◆ **How to complete this task**:
Only the lines from the line containing "- Chính hãng" through the final line of the entries should be printed, exactly as given, with the pictures left out.

◆ **Extracted records**:
>>>>>

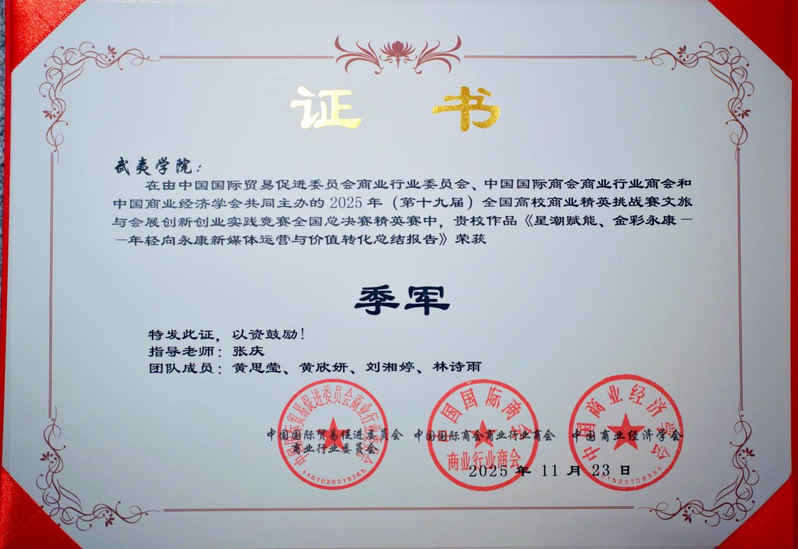 近日,2025年(第十九届)全国高校商业精英挑战赛文旅与会展创新创业实践竞赛全国总决赛精英赛在浙江永康圆满落幕。我校海峡成功学院学子黄思莹、黄欣妍、刘湘婷、林诗雨组成的团队,在指导老师张庆的带领下,凭借新媒体实战营销和作品《星潮赋能、金彩永康——年轻向永康新媒体运营与价值转化总结报告》,荣获旅游目的地新媒体营销赛(永康专项)季军。
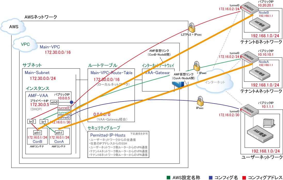 ここでは、本社側のHQ001はすでにAMFの基本設定が行われており、運用中であると仮定しています。一方、支社側のBR101は通常動作については運用中ですが、AMFは未設定と仮定します。
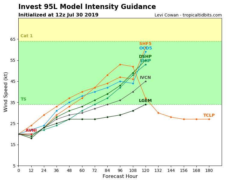 Ten Zuiden van de Dominicaanse Republiek bevindt zich op dit moment een disturbance met een vormingskans van 10% gedurende de komende 5 dagen volgens NHC. GFS en EC laten geen duidelijke orkaanvorming zien, ICON komt wel met een zeer lichte depressie (1008 hPa) die Florida op 3 augustus schampt. Het zal allemaal op kleine details aankomen en daarom is het handig om te kijken naar de modellen die specifiek voor deze regio zijn gemaakt. Gelukkig komt daar Tropical Tidbits weer langs en krijgen we de prachtige overzichten hieronder die laten zien die wel degelijk laten zien dat er potentie is voor een tropische storm, ook al is een orkaan vrijwel zeker uitgesloten. Cuba kan dan rond 4 augustus (+120 uur) last krijgen van de tropische storm. Het pad van de storm is erg onzeker, Nhc geeft in tegenstelling tot bijvoorbeeld ICON ten Noorden van Haïti aan en dan kunnen Bahama's last krijgen van de storm. Tegen de tijd dat Florida wordt bereikt, is het systeem al vrijwel volledig verdwenen volgens deze modellen. Al met al, denk ik dat de 10% van Nhc iets aan de lage kant zit, maar ook ik verwacht niet veel van deze disturbance.
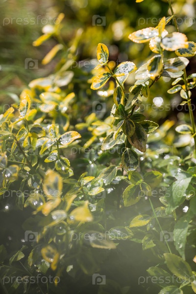 Зелёное фоновое изображение. Естественный, экологически чистый природный фон. Текст зеленых листьев кустарника бересклет (Euonimus)
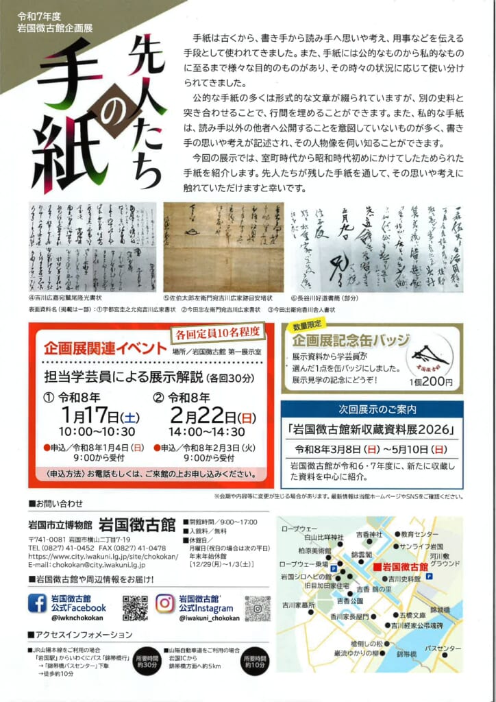 - 【岩国徴古館】先人たちの手紙 - 2025/12/21 - 2026/03/01 - AM 9:00 - PM 5:00
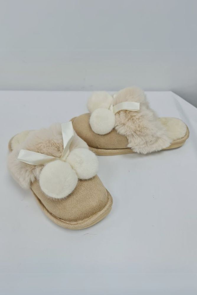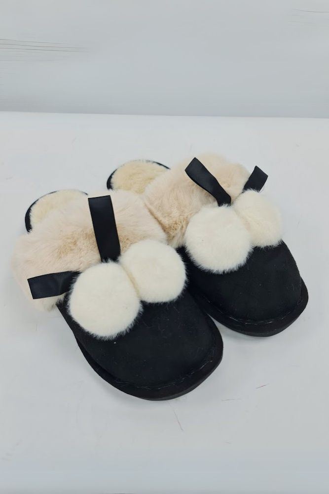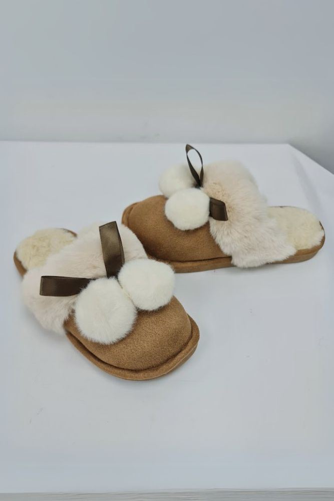 Step into luxury this autumn-winter with these faux fur pom pom mule slippers, designed for ultimate comfort and style. The soft faux fur lining cradles your feet in warmth, making them perfect for chilly evenings at home. A delightful pom pom detail adds a playful touch to their casual elegance, elevating your loungewear game. The slip-on mule design ensures effortless wear, while the cushioned insole provides all-day comfort. These slippers feature a durable, non-slip sole, ideal for indoor relaxation or light outdoor use. Their versatile style pairs seamlessly with cozy pajamas or a plush robe, making them a seasonal favorite. Whether you’re unwinding by the fire or sipping a morning coffee, these comfy slippers promise warmth and a touch of whimsy. Treat yourself or gift them to someone special for a perfect blend of comfort and charm.
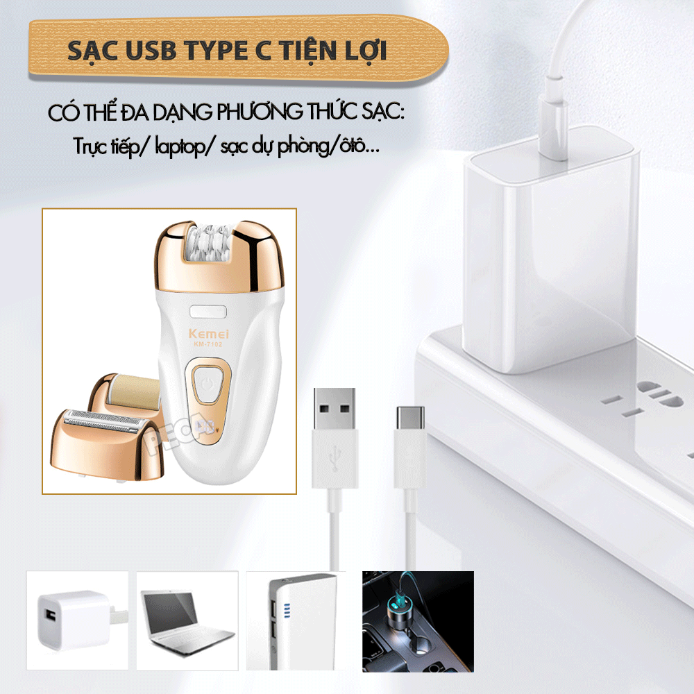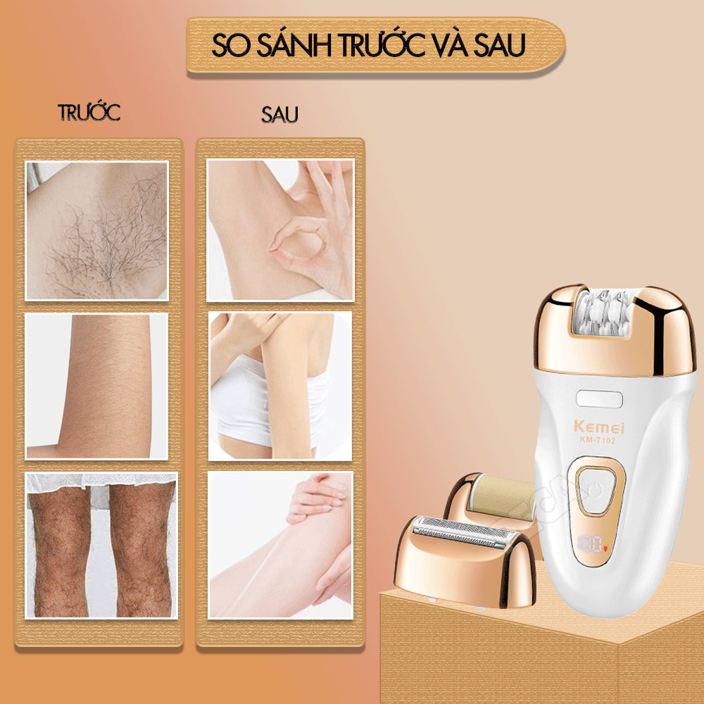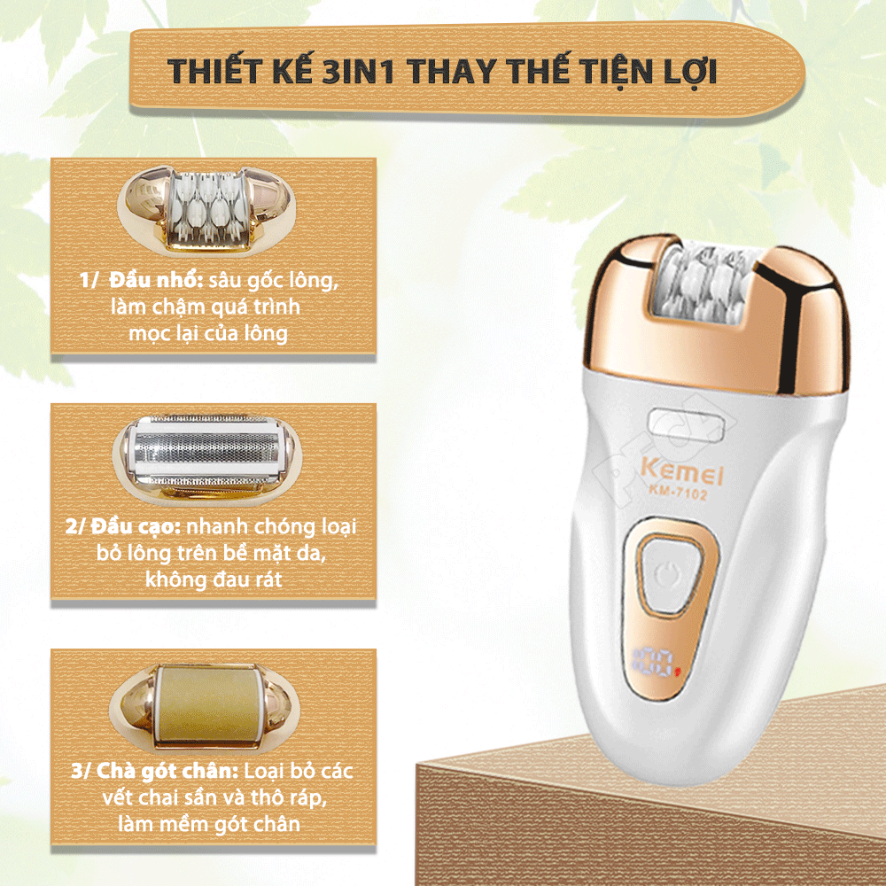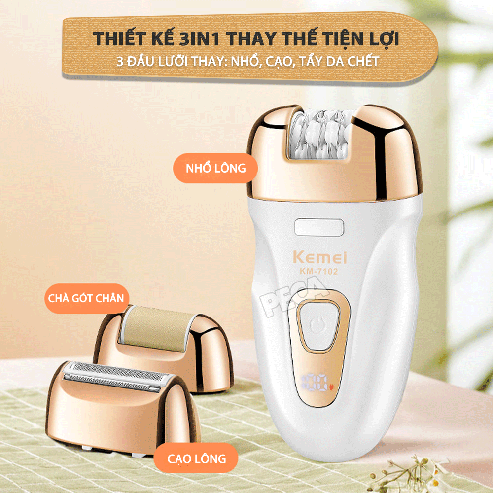 ✨Máy tẩy lông đa năng 3in1 Kemei KM-7102 gồm 3 đầu thay thế chuyên dụng nhổ lông, cạo lông, chà gót chân sử dụng toàn thân - Chính hãng
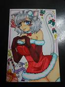ハガキサイズのスケブ用紙に描きました「オリジナル★猫耳サンタガール」です。
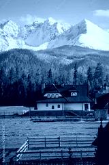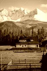Guesthouse and mountain snowy landscape horizon in Zakopane
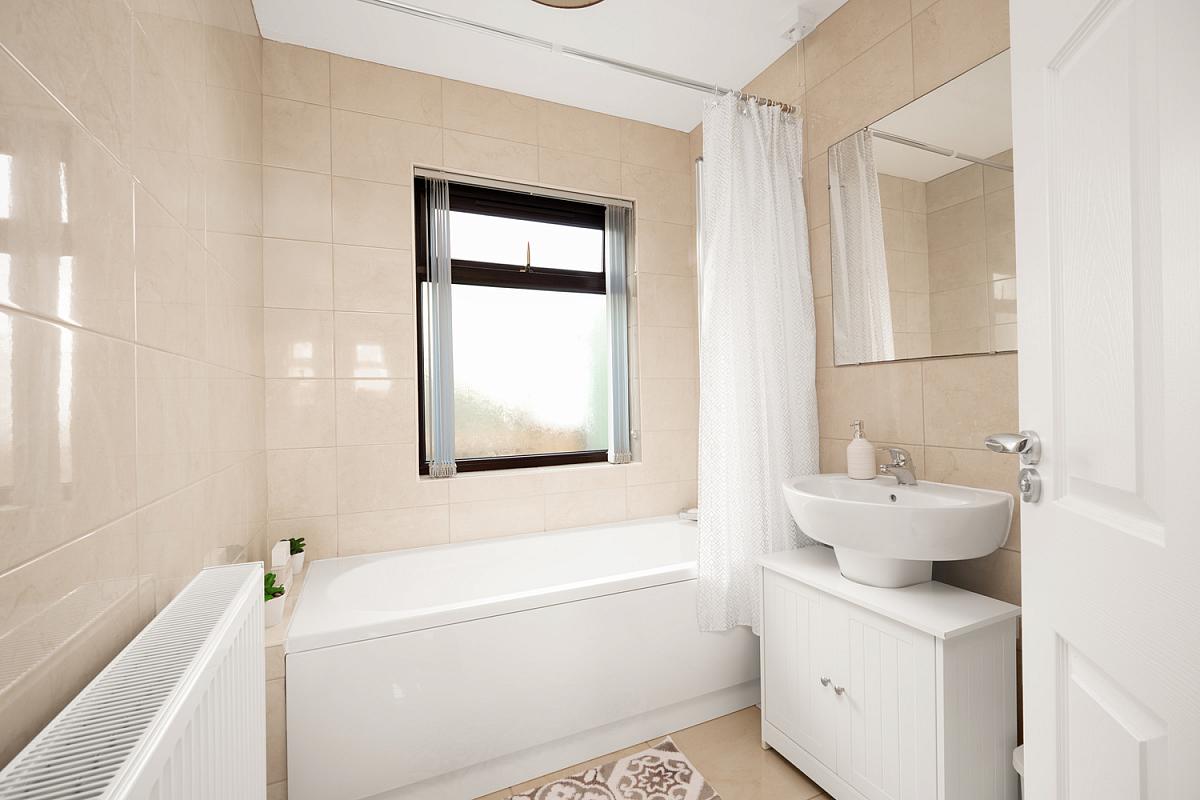 With white suite comprising w.c., wash hand basin, electric shower over bath, fully tiled walls, extractor fan and tiled floor.

<<<<<

◆ **Response**:
 ✨Máy tẩy lông đa năng 3in1 Kemei KM-7102 gồm 3 đầu thay thế chuyên dụng nhổ lông, cạo lông, chà gót chân sử dụng toàn thân - Chính hãng
ハガキサイズのスケブ用紙に描きました「オリジナル★猫耳サンタガール」です。
Guesthouse and mountain snowy landscape horizon in Zakopane
 With white suite comprising w.c., wash hand basin, electric shower over bath, fully tiled walls, extractor fan and tiled floor.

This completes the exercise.